Scott Andrew Taylor, Narins Lothar D, Kulkarni Anagha, Castanon Mar, Kao Benjamin, Ihorn Shasta, Siu Yue-Ting, Yoon Ilmi
Department of Computer Science, San Francisco State University, San Francisco, CA, USA.
Department of Psychology, San Francisco State University, San Francisco, CA, USA.
Ext Abstr Hum Factors Computing Syst. 2023 Apr;2023. doi: 10.1145/3544549.3585632. Epub 2023 Apr 19.
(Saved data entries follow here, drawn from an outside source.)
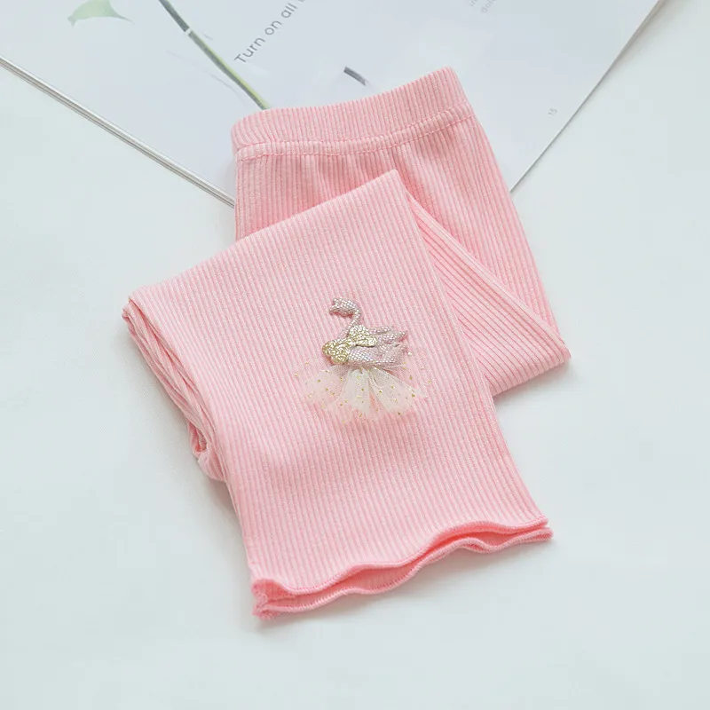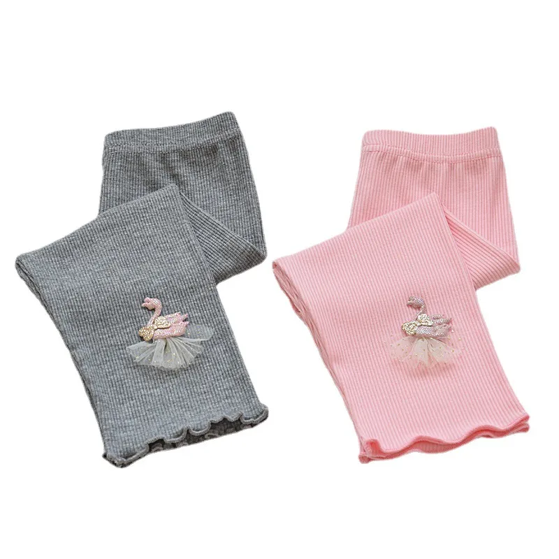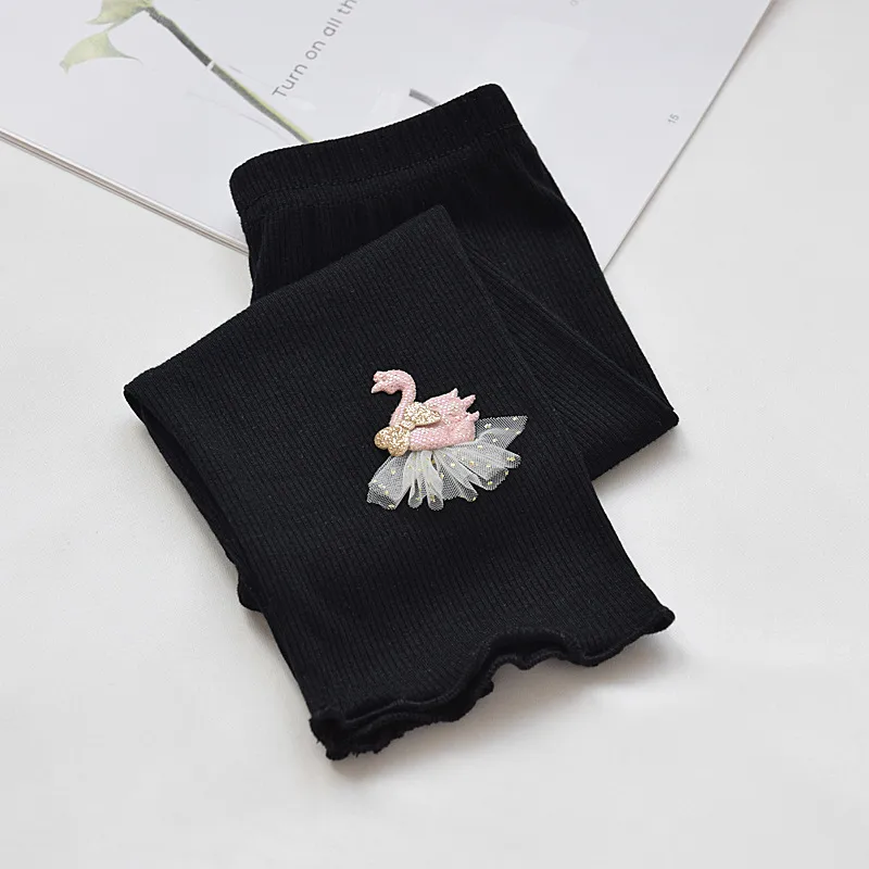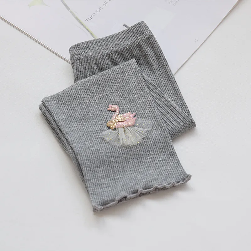 Calza de niña confeccionada en el mejor morley de algodón con detalle de cisne en el tobillo y ruedo ribeteado. Perfectas para usar en media temporada o como segunda piel en invierno.
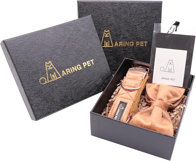 ARING PET Bowtie Dog Collar,Velvet Dog Collars with Detachable Bowtie, Yellow Soft Dog Collar,X-Large.
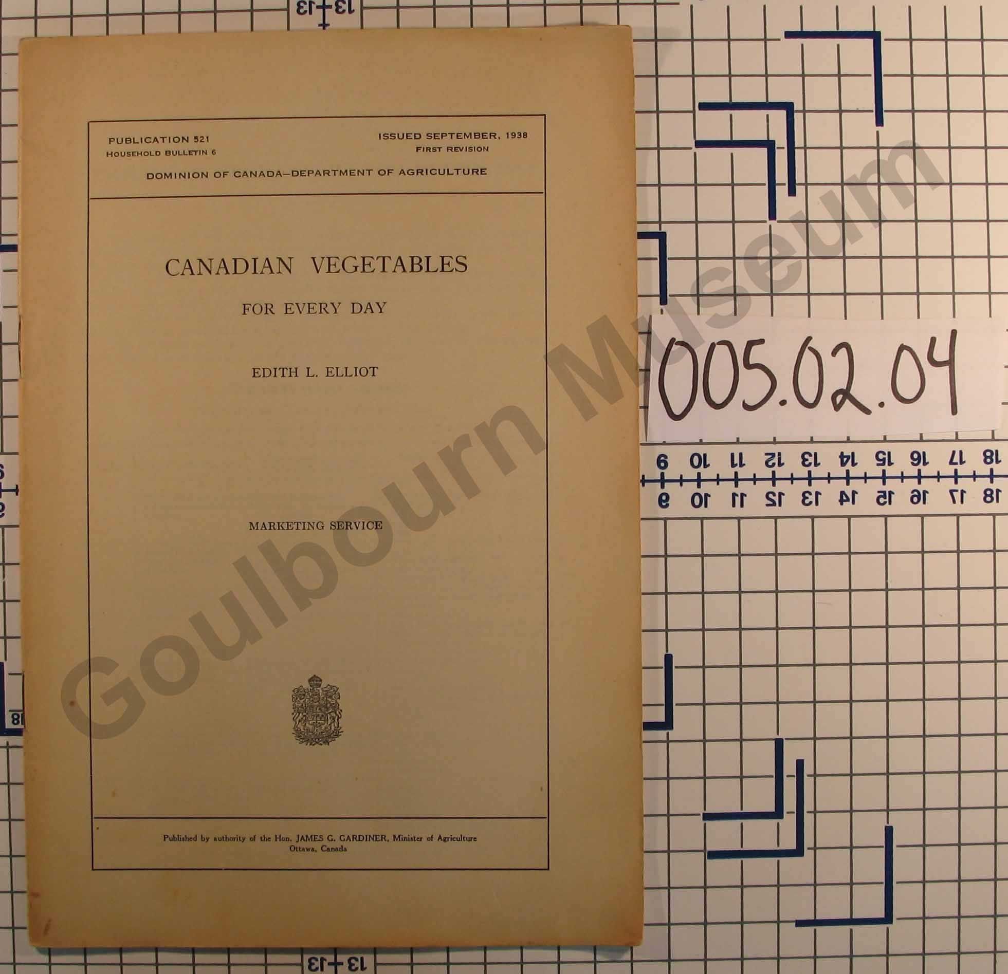 Canadian Department of Agriculture Household Bulletin: Canadian Vegetables for Every DayEntry/Object ID

How well a caption fits an image can be difficult to assess due to the subjective nature of caption quality. What is a caption? We investigate this problem by focusing on image-caption ratings and by generating high quality datasets from human feedback with gamification. We validate the datasets by showing a higher level of inter-rater agreement, and by using them to train custom machine learning models to predict new ratings. Our approach outperforms previous metrics - the resulting datasets are more easily learned and are of higher quality than other currently available datasets for image-caption rating.
由于图像描述质量具有主观性,很难评估一个图像描述与图像的匹配程度。什么是图像描述?我们通过关注图像-描述评分,并利用游戏化从人类反馈中生成高质量数据集来研究这个问题。我们通过展示更高水平的评分者间一致性,并使用这些数据集训练定制的机器学习模型来预测新的评分,从而验证了这些数据集。我们的方法优于以前的指标——由此产生的数据集比目前用于图像-描述评分的其他可用数据集更容易学习,且质量更高。